We also note that there is a special set of identity functions for each type, \(id :: a \rightarrow a\), with the property that for any function \(f\) of suitable type

\[ f \circ id = id \circ f = f \]

While monoids have a single identity element, a category will have an identity function per type. That is, we consider the function \(id :: String \rightarrow String\) different from the function \(id :: Int \rightarrow Int\). If necessary one can write \(id_{String}\) and \(id_{Int}\) to distinguish them, but usually it’s obvious from context which one is referred to.

Matrices

A very similar example comes from matrices, where the "types" correspond to matrix dimensions. Given matrices \(M\) of dimensions \(3 \times 2\), and \(N\) of dimensions \(2 \times 4\), the multiplication \(M \times N\) is defined and have dimensions \(3 \times 4\), but the product \(N \times M\) is not defined.

We note that matrix multiplication is associative, i.e. \(M \times (N \times O) = (M \times N) \times O\) for any matrices with appropriate dimensions.

We also note that there is a special identity matrix \(I\), for any dimension \(n \times n\), that satisfies

\[ I \times M = M \times I = M \]

for any matrix \(M\) with suitable dimensions. Again, unlike monoids there is no single identity matrix, but rather a different one of each “size”.

Monoid Morphisms

Monoid morphisms are also functions, and so form a category in that sense as long as their types match, (the target and source monoid of the morphism). However, in order to talk about the category of monoid morphism we have one more constraint: the composition of two monoid morphisms should itself be a monoid morphism. This turns out to be true, and for those interested we’ll verify it.

Given two monoid morphisms \(h\) — going from the monoid \((M, \otimes_M, e_M)\) into \((N, \otimes_N, e_N)\) — and \(i\) going from \((N, \otimes_N, e_N)\) into \((O, \otimes_O, e_O)\), we’d like to prove first that the composition \(i \circ h\) preserves identity. That is

\[ (i \circ h)(e_M) = i(h(e_M)) = i(e_N) = e_O \]

\(h\) and \(i\) are monoid morphisms so they each preserve identity, and as a result so does their composition according to the calculation above.

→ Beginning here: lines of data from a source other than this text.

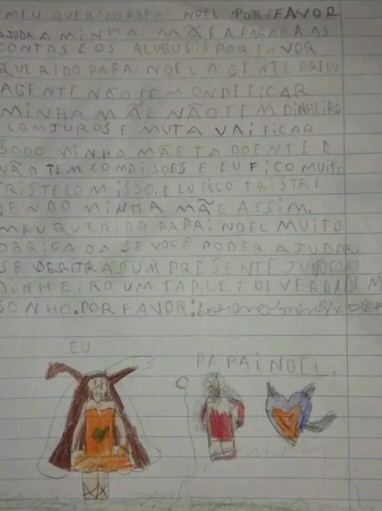Na cartinha, Lorena escreveu que ficava triste em ver a situação da mãe. “A gente precisa, não temos onde ficar. Minha mãe está doente e eu fico muito triste com isso, fico triste vendo minha mãe assim.” O pedido foi feito pelo projeto anual dos Correios.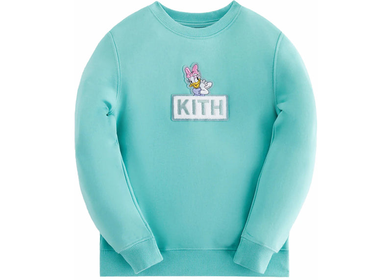 The Kith x Disney Kids Mickey & Friends Daisy Classic Logo Crewneck Mykonos is now available at Side Kicks!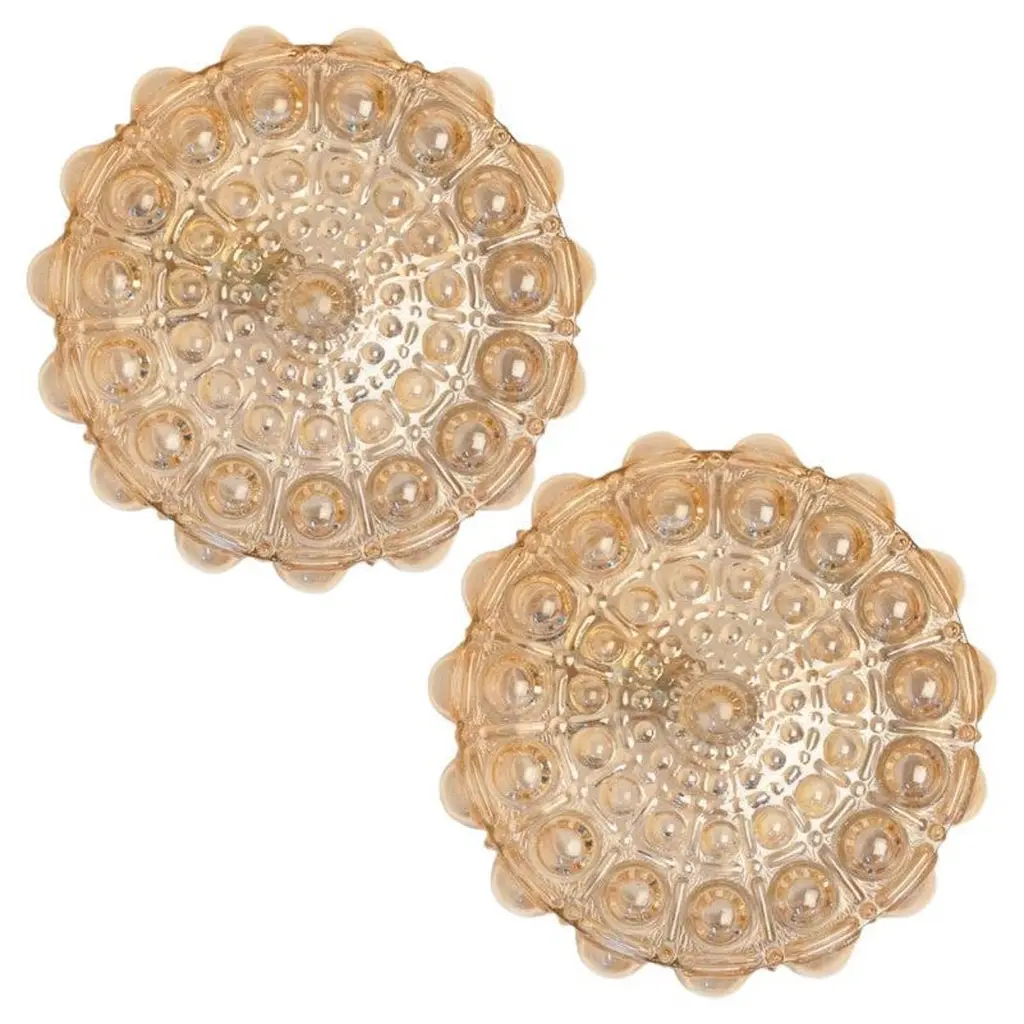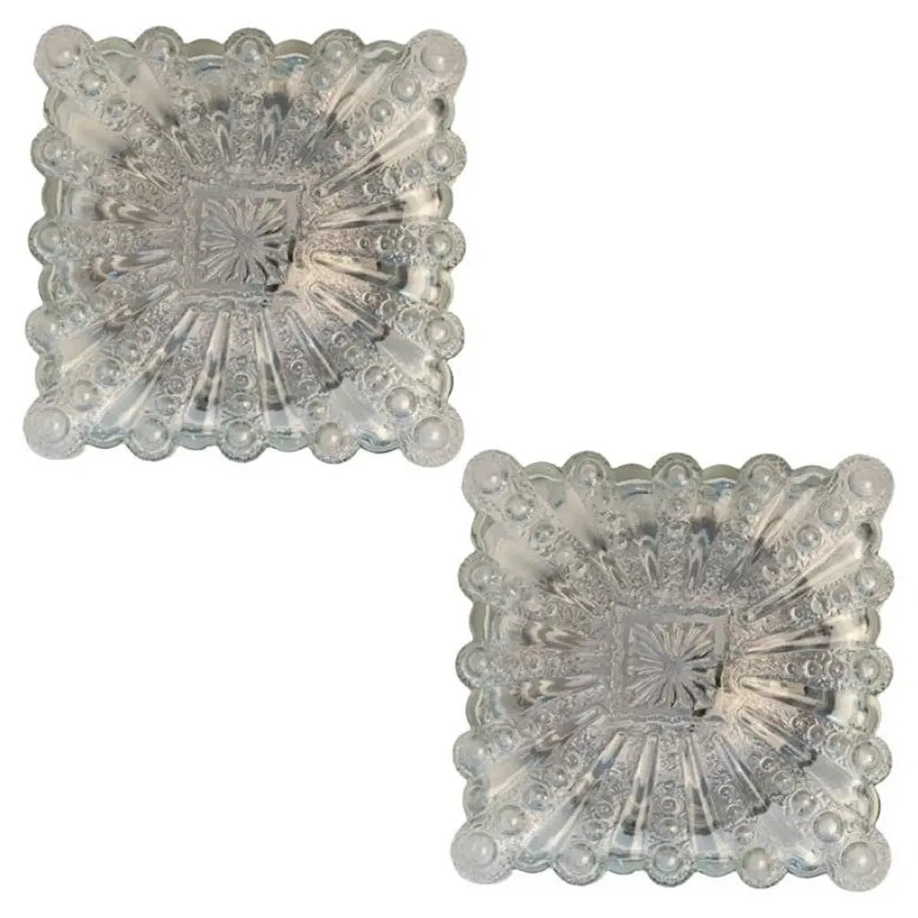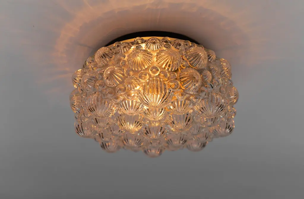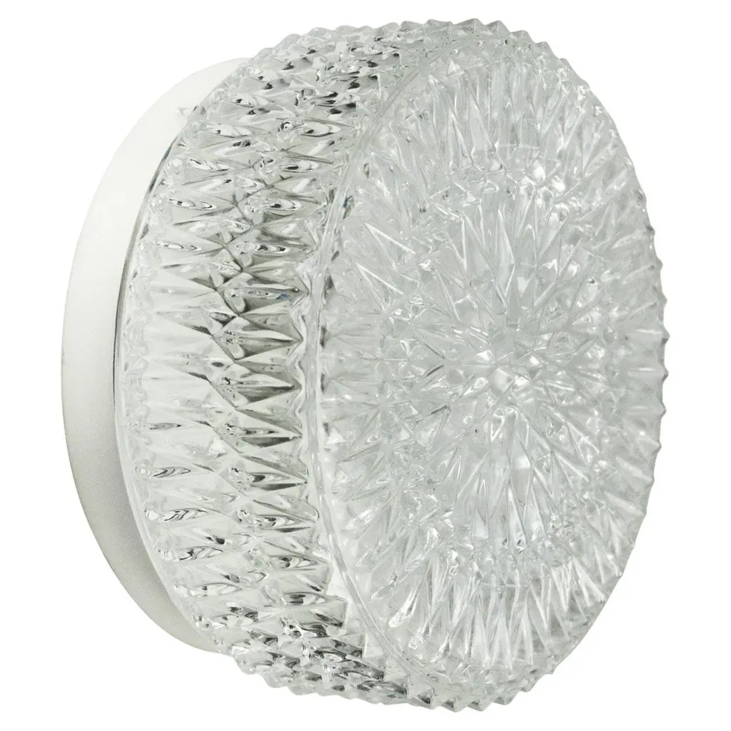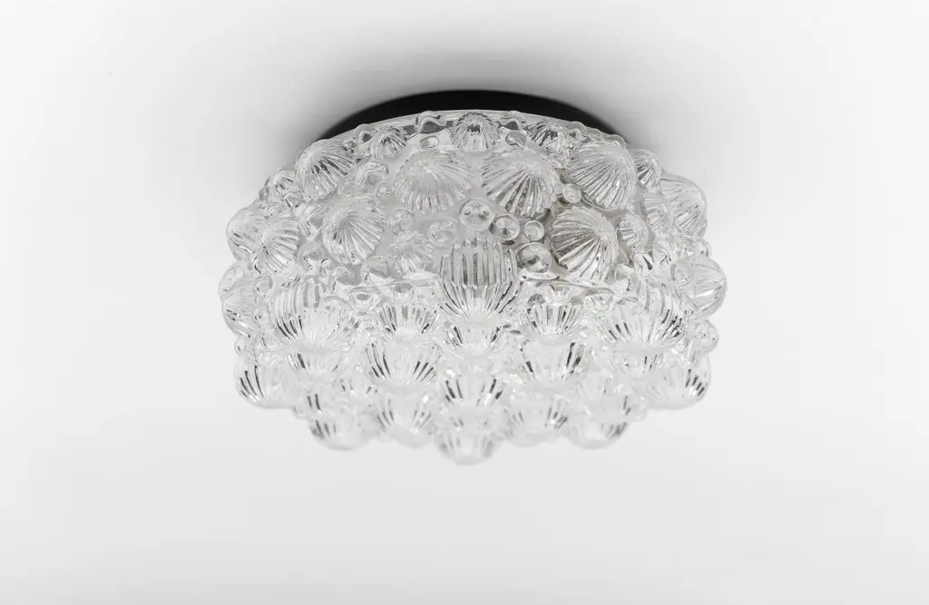 1. of 2 Round Mid-Century Modern 3D Fossil Shell Shape Flush Mount Lamp, 1960s Executed in ice glass and metal. This lamp need 1 x E14 / E15 Edison screw fit bulb is wired, in working condition and runs both on 110 / 230 volt. Dimmable.Our lamps are checked, cleaned and are suitable for use in the USA.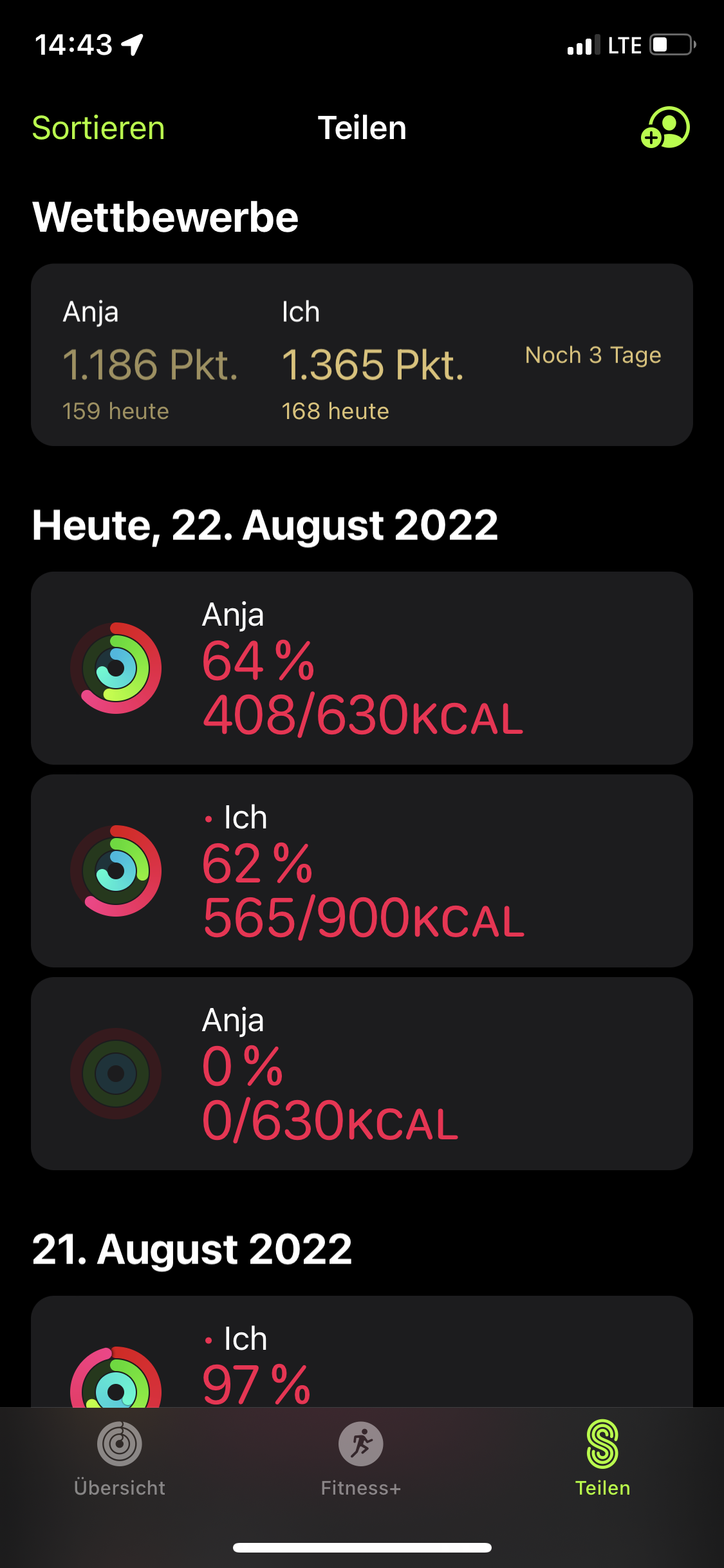 Die eingeladene Person erscheint in der Fitness App nach zwei oder drei Tagen doppelt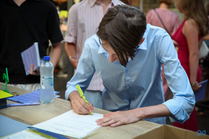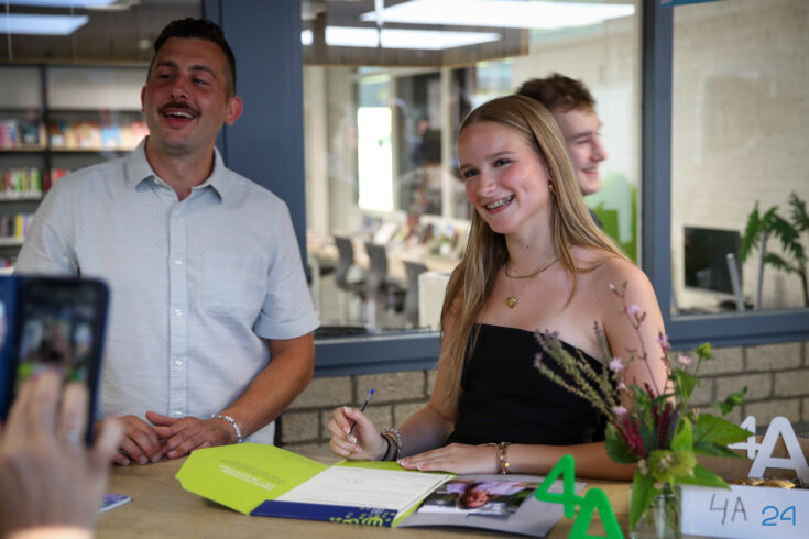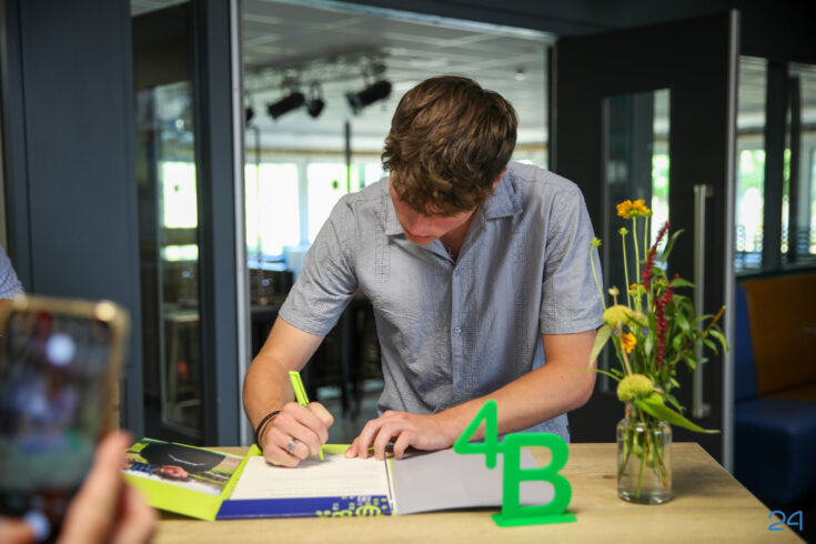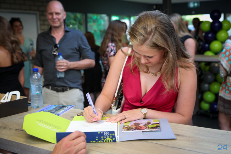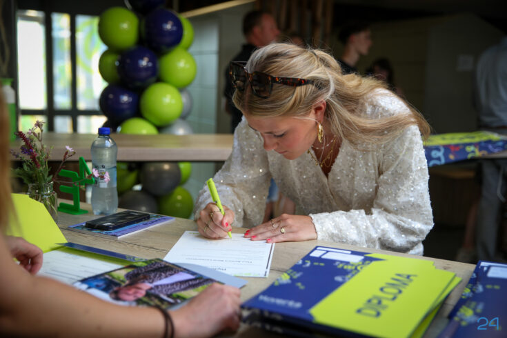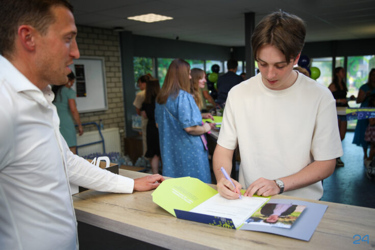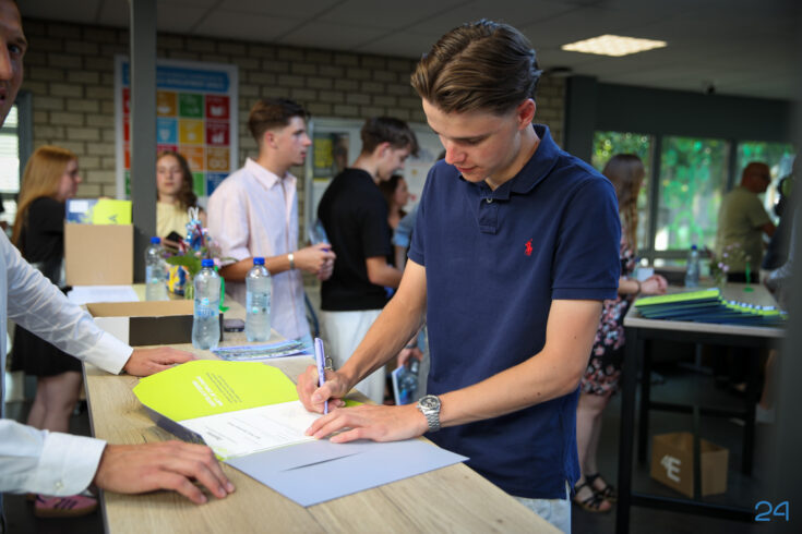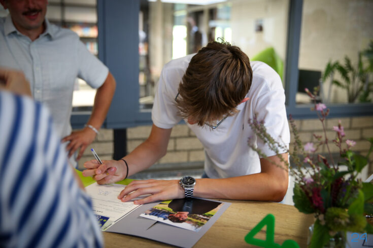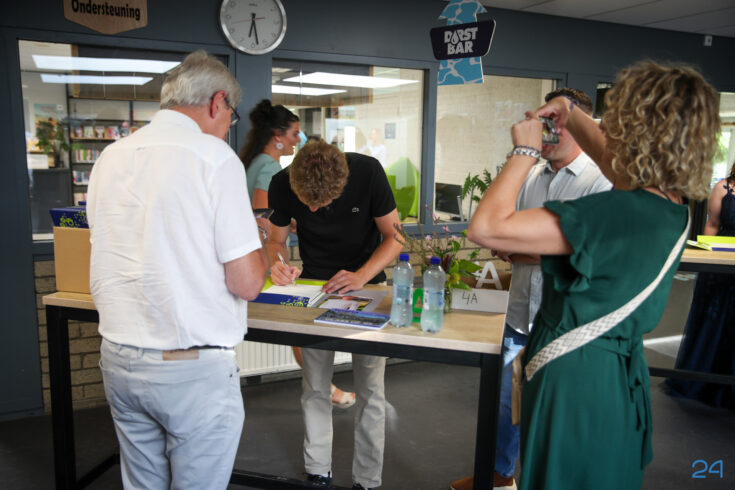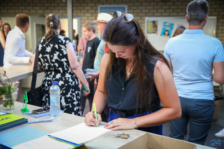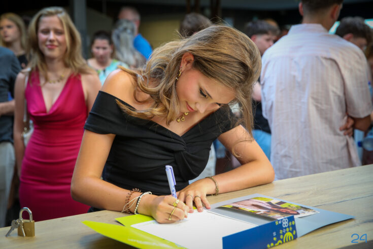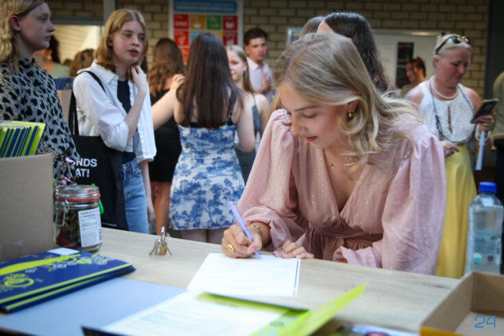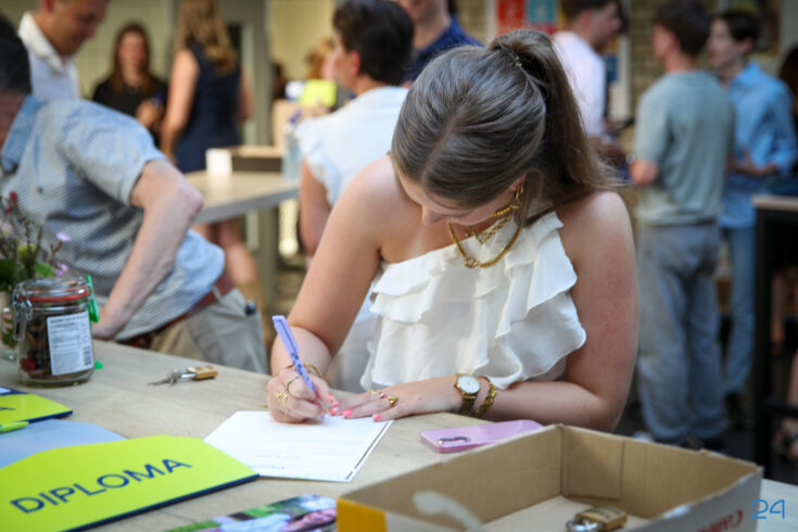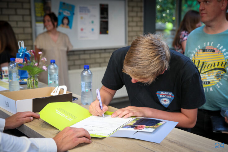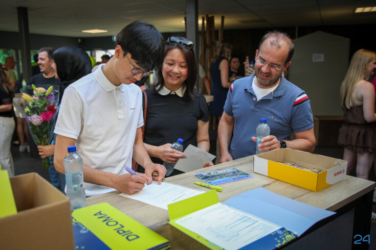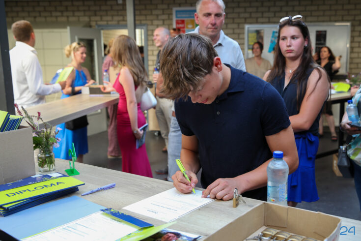 Bij binnenkomst mochten de leerlingen in het bijzijn van hun coach het diploma ondertekenen. Hierna nam de familie alvast plaats in de tuin en verzamelden de examenkandidaten zich voor hun gezamenlijke opkomst over de rode loper.

Additionally it preserves monoid composition

\begin{aligned} & \quad (i \circ h)(a \otimes_M b) \\ = & \quad i(h(a \otimes_M b)) \\ = & \quad i(h(a) \otimes_N h(b)) \\ = & \quad i(h(a)) \otimes_O i(h(b)) \\ = & \quad (i \circ h)(a) \otimes_O (i \circ h)(b) \end{aligned}

Kleisli Categories

The Maybe category

Let’s say we have a function \(father :: Person \rightarrow Person\), that gives as output the father of the person taken as input. It’d make a lot of sense if we could use function composition to define the following function

\[ grandfather = father \circ father \]

This does indeed work, but it doesn’t really make sense that we could implement the \(father\) function as stated above. After all, we could also define

\[ greatGrandfather = father \circ grandfather \]

…and so on. We couldn’t reasonable expect to continue making such definitions indefinitely, as at some point we’d have to run out of information about a person’s paternal lineage. It’d make more sense if we had a function \(father :: Person \rightarrow Maybe \: Person\).

By using the type \(Maybe\) we mean the option type, so that such a function may or may not return a value, in which case it returns the value Nothing.

We now run into a problem however, as we can not make the definition \(grandfather\) with function composition as above, since the types don’t match up. We can however define a new composition function we’ll refer to as \(\circ_?\).

We’ll then define

\begin{aligned} father & :: Person \rightarrow Maybe \: Person \\ grandFather & :: Person \rightarrow Maybe \: Person \\ grandFather & = father \circ_? father \end{aligned}

The way \(\circ_?\) works is roughly to apply its first function, then to apply its second function if a value was produced by the first, otherwise it’ll return Nothing. Here’s a Haskell and Javascript implementation

f ∘? g = maybe Nothing f ∘ g
const none = {};
function composeMaybe(f, g) {
   return function(x) {
       const result_g = g(x);
       if (result_g !== none)
           return f(result_g.value);
       return none;
   };
}

The List category

Let’s say we have a simliar defintion to the above that returns the parents of a person. We can model this as returning a list.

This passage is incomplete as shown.